*WHAT YOU WILL DO*
Write the data out again exactly, dropping any images it holds.

*DATASET CONTENT*
──────────
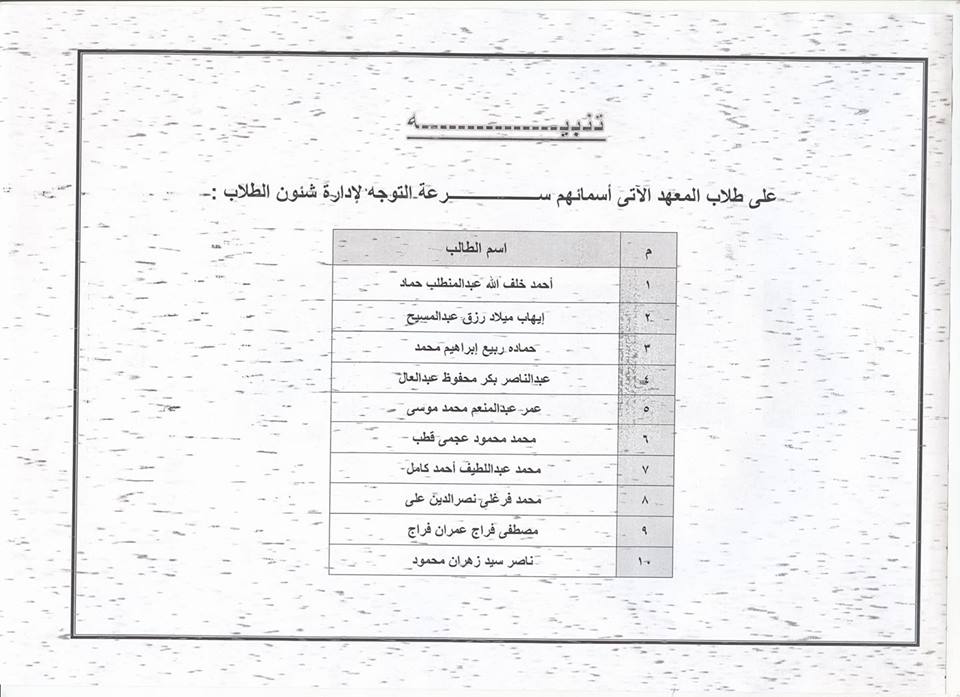 To the students of the Second Division at the Institute, whose names come tomorrow to the students ' affairs for the importance of them.
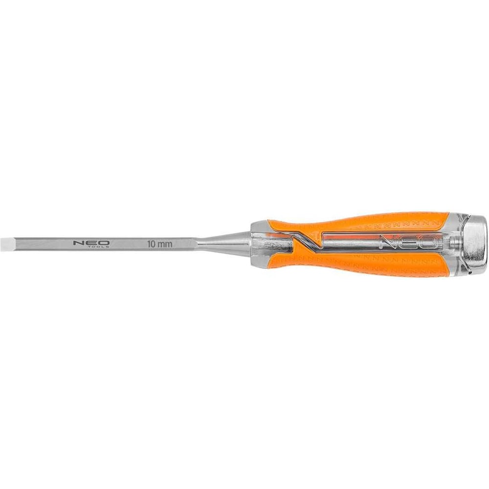 Зубило - это деревообрабатывающий инструмент с лезвием шириной 10 мм, которое изготовлено из прочной хром-ванадиевой стали. Двухкомпонентная ручка обеспечивает удобство использования и нескользящие свойства, а усиление от ударов защищает конструкцию от повреждений. Это практичный инструмент от бренда NEO для профессионалов и любителей DIY.
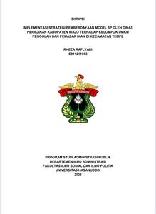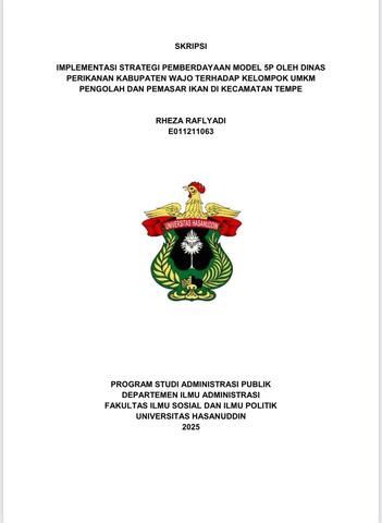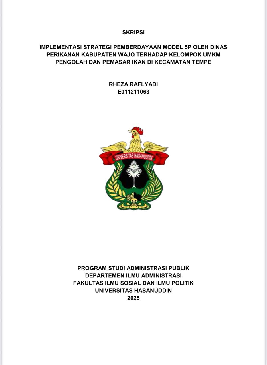 ABSTRAK Rheza Raflyadi (E011211063), Jurusan Administrasi Publik Fakultas Ilmu Sosial Dan Ilmu Politik Universitas Hasanuddin. Implementasi Strategi Pemberdayaan Model 5P oleh Dinas Perikanan Kabupaten Wajo terhadap Kelompok UMKM Pengolah dan Pemasar Ikan di Kecamatan Tempe. Dibimbing oleh Dr. Nurdin Nara, M. Si Penelitian ini menganalisis implementasi strategi pemberdayaan model 5P yang dilakukan oleh Dinas Perikanan Kabupaten Wajo terhadap kelompok Usaha Mikro, Kecil, dan Menengah (UMKM) pengolah dan pemasar ikan di Kecamatan Tempe. Penelitian ini menggunakan pendekatan kualitatif deskriptif dengan metode studi kasus untuk mengeksplorasi dinamika strategi pemberdayaan yang diterapkan. Teknik pengumpulan data yang dilakukan melalui observasi, wawancara dan telaah dokumen. Teknik analisis data yang dilakukan melalui pengumpulan data, kondensasi data, reduksi data, dan penarikan kesimpulan. Indikator pemberdayaan 5P oleh Suharto (1997) meliputi pemungkinan, penguatan, perlindungan, penyokongan, dan pemeliharaan, menjadi dasar analisis. Hasil penelitian menunjukkan bahwa program pelatihan kewirausahaan berhasil menciptakan kondisi yang mendukung pertumbuhan UMKM (pemungkinan), meningkatkan kapasitas dan kemandirian pelaku usaha (penguatan), serta melindungi mereka melalui akses modal dan pasar (perlindungan). Selain itu, bantuan alat produksi mendukung efisiensi dan kualitas produk (penyokongan), meskipun keberlanjutan program sangat bergantung pada alokasi anggaran yang belum stabil (pemeliharaan). Faktor pendukung pemberdayaan mencakup ketersediaan bahan baku yang melimpah dari Danau Tempe dan dukungan pemerintah melalui program pelatihan dan pembinaan. Namun juga memiliki hambatan seperti penggunaan teknik tradisional dalam proses pengolahan masih dilakukan dan ketidakstabilan alokasi anggaran APBD untuk program pelatihan. Penelitian ini merekomendasikan agar Dinas Perikanan Kabupaten Wajo meningkatkan frekuensi dan kualitas pelatihan, peningkatan alokasi anggaran pemerintah daerah untuk mendukung keberlanjutan program pemberdayaan UMKM, dan menyediakan akses terhadap teknologi pengolahan modern sehingga dapat berkontribusi pada pertumbuhan ekonomi lokal yang inklusif dan berkelanjutan.
──────────
*RESPONSE AREA*
 To the students of the Second Division at the Institute, whose names come tomorrow to the students ' affairs for the importance of them.
 Зубило - это деревообрабатывающий инструмент с лезвием шириной 10 мм, которое изготовлено из прочной хром-ванадиевой стали. Двухкомпонентная ручка обеспечивает удобство использования и нескользящие свойства, а усиление от ударов защищает конструкцию от повреждений. Это практичный инструмент от бренда NEO для профессионалов и любителей DIY.
 ABSTRAK Rheza Raflyadi (E011211063), Jurusan Administrasi Publik Fakultas Ilmu Sosial Dan Ilmu Politik Universitas Hasanuddin. Implementasi Strategi Pemberdayaan Model 5P oleh Dinas Perikanan Kabupaten Wajo terhadap Kelompok UMKM Pengolah dan Pemasar Ikan di Kecamatan Tempe. Dibimbing oleh Dr. Nurdin Nara, M. Si Penelitian ini menganalisis implementasi strategi pemberdayaan model 5P yang dilakukan oleh Dinas Perikanan Kabupaten Wajo terhadap kelompok Usaha Mikro, Kecil, dan Menengah (UMKM) pengolah dan pemasar ikan di Kecamatan Tempe. Penelitian ini menggunakan pendekatan kualitatif deskriptif dengan metode studi kasus untuk mengeksplorasi dinamika strategi pemberdayaan yang diterapkan. Teknik pengumpulan data yang dilakukan melalui observasi, wawancara dan telaah dokumen. Teknik analisis data yang dilakukan melalui pengumpulan data, kondensasi data, reduksi data, dan penarikan kesimpulan. Indikator pemberdayaan 5P oleh Suharto (1997) meliputi pemungkinan, penguatan, perlindungan, penyokongan, dan pemeliharaan, menjadi dasar analisis. Hasil penelitian menunjukkan bahwa program pelatihan kewirausahaan berhasil menciptakan kondisi yang mendukung pertumbuhan UMKM (pemungkinan), meningkatkan kapasitas dan kemandirian pelaku usaha (penguatan), serta melindungi mereka melalui akses modal dan pasar (perlindungan). Selain itu, bantuan alat produksi mendukung efisiensi dan kualitas produk (penyokongan), meskipun keberlanjutan program sangat bergantung pada alokasi anggaran yang belum stabil (pemeliharaan). Faktor pendukung pemberdayaan mencakup ketersediaan bahan baku yang melimpah dari Danau Tempe dan dukungan pemerintah melalui program pelatihan dan pembinaan. Namun juga memiliki hambatan seperti penggunaan teknik tradisional dalam proses pengolahan masih dilakukan dan ketidakstabilan alokasi anggaran APBD untuk program pelatihan. Penelitian ini merekomendasikan agar Dinas Perikanan Kabupaten Wajo meningkatkan frekuensi dan kualitas pelatihan, peningkatan alokasi anggaran pemerintah daerah untuk mendukung keberlanjutan program pemberdayaan UMKM, dan menyediakan akses terhadap teknologi pengolahan modern sehingga dapat berkontribusi pada pertumbuhan ekonomi lokal yang inklusif dan berkelanjutan.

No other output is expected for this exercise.